[[ Material to process, beginning ]]

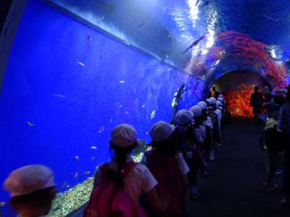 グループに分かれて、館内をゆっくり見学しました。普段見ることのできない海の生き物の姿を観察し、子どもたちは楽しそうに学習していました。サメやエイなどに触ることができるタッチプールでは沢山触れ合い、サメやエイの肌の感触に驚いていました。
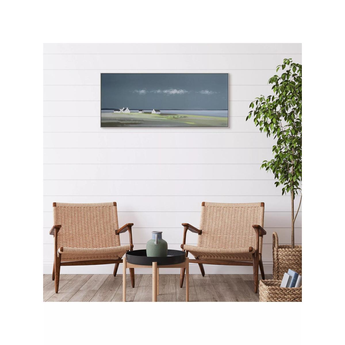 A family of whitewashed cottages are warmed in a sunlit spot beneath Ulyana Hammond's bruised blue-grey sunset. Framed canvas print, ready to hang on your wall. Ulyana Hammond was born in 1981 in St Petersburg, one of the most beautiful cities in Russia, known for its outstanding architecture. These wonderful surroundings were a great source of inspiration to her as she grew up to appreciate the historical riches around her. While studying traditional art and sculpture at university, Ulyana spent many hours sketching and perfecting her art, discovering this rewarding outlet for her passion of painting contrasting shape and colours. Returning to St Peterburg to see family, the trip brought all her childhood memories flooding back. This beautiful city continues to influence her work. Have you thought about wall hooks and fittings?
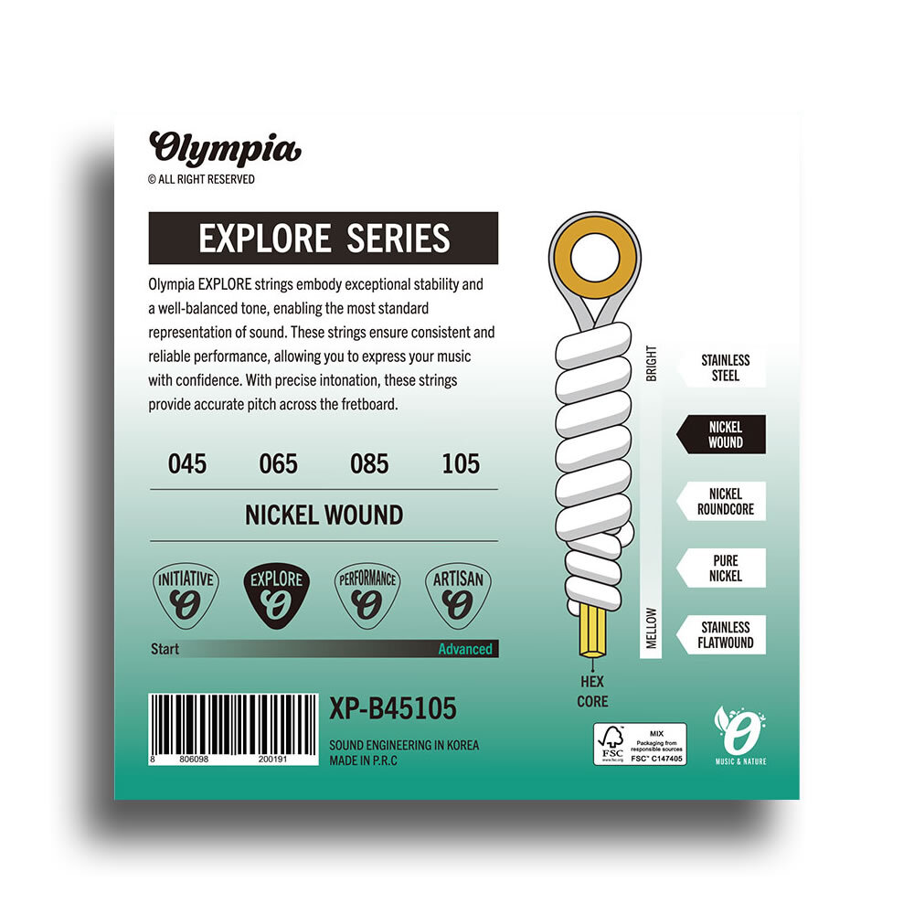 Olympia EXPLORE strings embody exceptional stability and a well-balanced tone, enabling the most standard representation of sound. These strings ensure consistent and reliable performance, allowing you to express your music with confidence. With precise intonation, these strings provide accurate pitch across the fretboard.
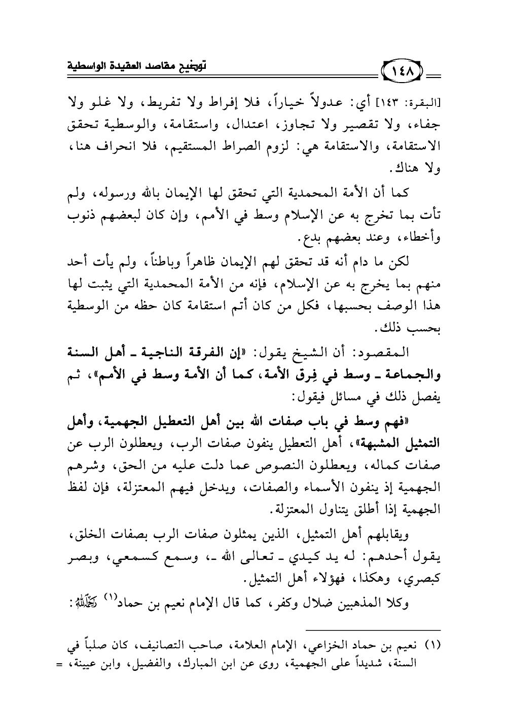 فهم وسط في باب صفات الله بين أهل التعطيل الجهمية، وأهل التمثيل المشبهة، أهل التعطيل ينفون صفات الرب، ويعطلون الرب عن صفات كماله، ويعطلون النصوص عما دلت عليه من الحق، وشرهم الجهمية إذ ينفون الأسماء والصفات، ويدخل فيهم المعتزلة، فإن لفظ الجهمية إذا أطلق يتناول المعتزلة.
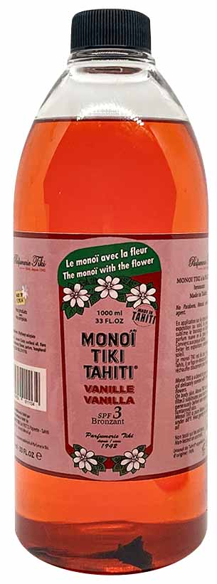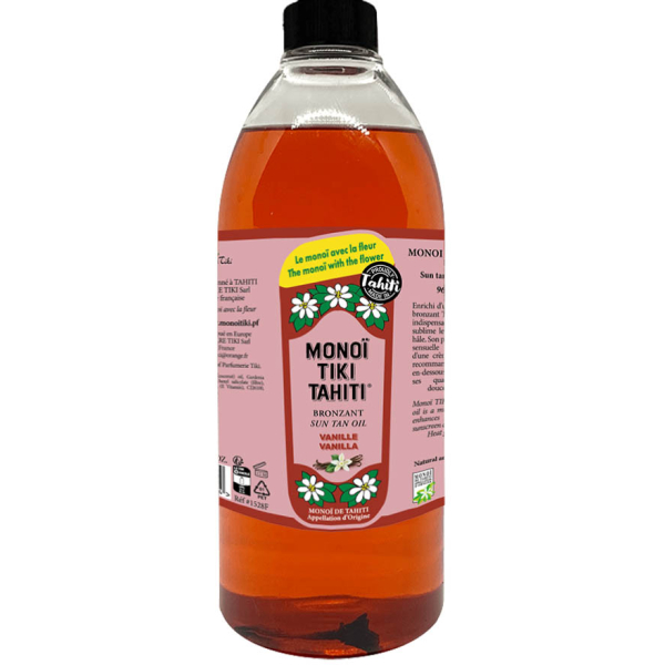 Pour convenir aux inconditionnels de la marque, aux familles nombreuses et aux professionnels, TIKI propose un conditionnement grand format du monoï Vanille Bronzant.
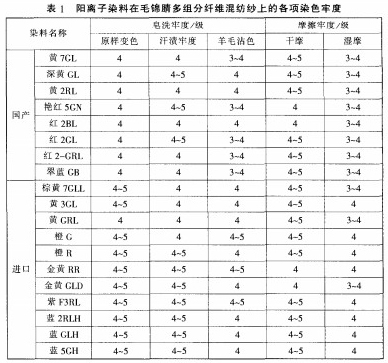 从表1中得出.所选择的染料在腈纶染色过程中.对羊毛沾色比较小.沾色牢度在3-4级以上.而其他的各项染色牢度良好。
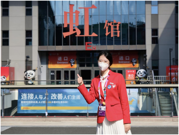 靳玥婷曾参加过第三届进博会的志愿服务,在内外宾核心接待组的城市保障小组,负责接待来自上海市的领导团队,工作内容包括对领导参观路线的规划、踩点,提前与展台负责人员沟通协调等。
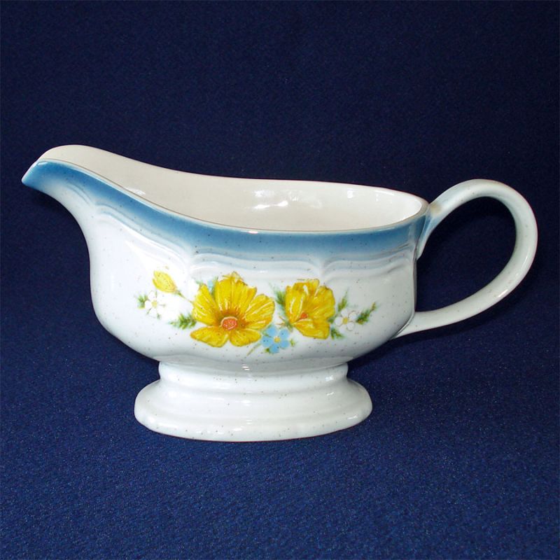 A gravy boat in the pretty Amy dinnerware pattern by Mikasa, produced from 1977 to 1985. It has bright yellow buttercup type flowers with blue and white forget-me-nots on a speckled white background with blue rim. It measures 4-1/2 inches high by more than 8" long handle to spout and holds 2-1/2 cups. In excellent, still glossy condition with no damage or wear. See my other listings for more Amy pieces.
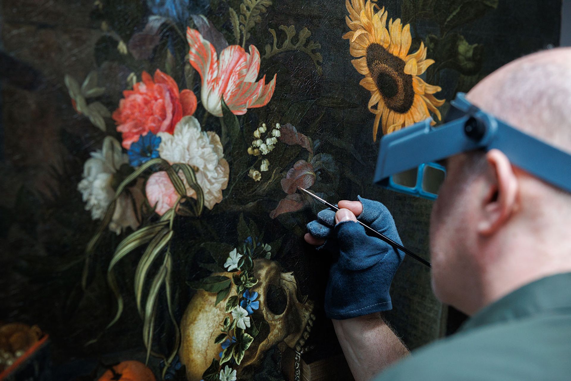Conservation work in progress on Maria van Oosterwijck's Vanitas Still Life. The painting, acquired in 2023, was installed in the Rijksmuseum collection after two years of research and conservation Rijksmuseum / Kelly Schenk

[[ Material to process, end ]]

◆ **Description of the task**:
Reproduce exactly the lines above that run from the one with "فهم وسط في باب" to the one with "靳玥婷曾参加过第三届进博会的", both included, leaving pictures out.

◆ **Your solution**:
 فهم وسط في باب صفات الله بين أهل التعطيل الجهمية، وأهل التمثيل المشبهة، أهل التعطيل ينفون صفات الرب، ويعطلون الرب عن صفات كماله، ويعطلون النصوص عما دلت عليه من الحق، وشرهم الجهمية إذ ينفون الأسماء والصفات، ويدخل فيهم المعتزلة، فإن لفظ الجهمية إذا أطلق يتناول المعتزلة.
 Pour convenir aux inconditionnels de la marque, aux familles nombreuses et aux professionnels, TIKI propose un conditionnement grand format du monoï Vanille Bronzant.
 从表1中得出.所选择的染料在腈纶染色过程中.对羊毛沾色比较小.沾色牢度在3-4级以上.而其他的各项染色牢度良好。
 靳玥婷曾参加过第三届进博会的志愿服务,在内外宾核心接待组的城市保障小组,负责接待来自上海市的领导团队,工作内容包括对领导参观路线的规划、踩点,提前与展台负责人员沟通协调等。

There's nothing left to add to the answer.